What is Umbilical Hernia?
What is Umbilical Hernia? Umbilical Hernia is an organ that connects the mother to the fetus present in her womb. The food juice from the mother’s body will flow through the umbilical cord into the fetal body through a small hole in the fetal abdomen, which will normally be closed after the baby is born.
The umbilical hernia will occur when the holes are not perfectly closed, so some of the intestines stick out. Generally, umbilical hernia is harmless and does not hurt or cause discomfort. This condition is usually experienced by infants, although adults can also experience it.
In infants, umbilical hernias usually occur when crying causes the baby’s navel to bulge out. Several factors that increase the risk of umbilical hernia are:
- Babies are born prematurely.
- Baby’s weight is low at birth.
- Contains twins.
- Women, tended to have a greater risk of umbilical hernia than men.
The umbilical hernia will usually disappear by itself after the baby is one or two years old. But sometimes, this condition can last longer.
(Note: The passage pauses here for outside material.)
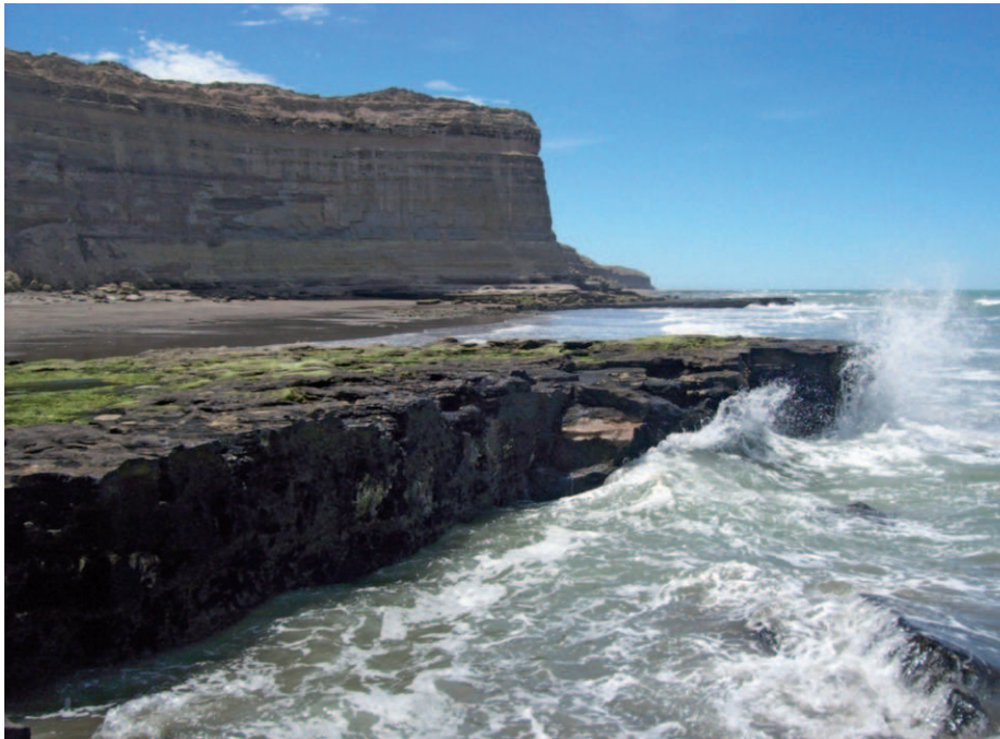
Foto 1. Características de los acantilados en el Área Natural Protegida Punta Bermeja. Desde hace al menos unos 22 años, sitio de nidificación para Falco peregrinus cassini .

El 4 de diciembre se realizó un acercamiento por la

If the umbilical hernia does not heal until the age of four years, it is advisable to undergo surgical procedures. This step is also recommended in people who have umbilical hernia in adulthood.
Symptoms of Umbilical Hernia
Symptoms are something that is felt and told by the patient. Symptoms that appear in patients with umbilical hernia is the emergence of soft bumps near the navel.
In infants, these lumps will disappear when the baby is still. The umbilical hernia lump usually appears when the baby cries, coughs, laughs, or strains. The same symptoms also occur in adults with umbilical hernia. Plus, adults will also experience discomfort or pain in the navel.Talk to your doctor when you or your baby has a lump in the abdomen, looks painful (especially in infants), vomiting, or bumps begin to swell and change color.
Causes of Umbilical Hernia
The cause of umbilical hernia in infants is the failure of the abdominal muscles to close the umbilical cavity entirely shortly after birth. Failure will lead to umbilical hernia in the future.
While some of the causes of umbilical hernia in adults are:
- The pressure is too big on the abdomen.
- The fluid in the abdominal cavity.
- Obesity and overweight.
- Former abdominal surgery.
- Chronic peritoneal dialysis.
- Pregnancy. Especially in pregnancy repeatedly.
- Chronic cough.
- Chronic constipation.
- Enlarged prostate gland so there is urinary disorder.
Diagnosis of Umbilical Hernia
Diagnosis is a doctor’s step to identify a disease or condition that explains the symptoms and signs experienced by the patient. Some measures to diagnose an umbilical hernia are:
- Physical examination. Usually the doctor will test whether the hernia can be pressed into the abdominal cavity back. There can be a part of the hernia that is trapped in a hernia sac and can not be pushed back in, so this condition can be dangerous. The contents of the umbilical hernia are part of the intestine, which will lack the blood supply when squashed.
- Blood test. If any part of the intestine is pinched, a blood test can help to see an infection.
- Imaging test. Your doctor may run an X-ray or ultrasound imaging test on your abdomen to make sure there are no complications.
Treatment and Complications of Umbilical Hernia
In many cases, the hole that causes the umbilical hernia will close by itself when the baby enters the age of 1 to 2 years. In fact, there is a lump on the stomach that can be pressed to get back into the abdominal cavity.
The most common way to treat umbilical hernia is surgical procedure. The purpose of this surgery is to re-enter the tissue that has a hernia into the abdominal cavity, then close the hole in the abdominal muscles.
However, a new doctor will perform surgery if any of the following conditions occur:
- The lump does not shrink after one to two years.
- The lump hurts.
- The diameter of the lump in the abdomen is greater than 1.5 centimeters.
- The lump does not disappear when the baby is 3 to 4 years old.
- The contents of the hernia are trapped and can not return to the stomach or intestinal cavity wedged.
Complications of umbilical hernia are rare in infants and children.
New complications will occur if the abdominal tissue is pinched and can not get back into the abdominal cavity.
Stomach cramped tissue will lack blood supply so it can cause the emergence of pain and tissue damage. If continuous not get blood supply, stomach pinched tissue can die and cause dangerous infection.
Some of the symptoms felt by the patient when stomach tissue is pinched are:
- Severe pain in the abdomen when touched or depressed.
- The stomach becomes sensitive when touched.
- A lump appeared on the abdomen.
- The umbilical hernia lump becomes reddish.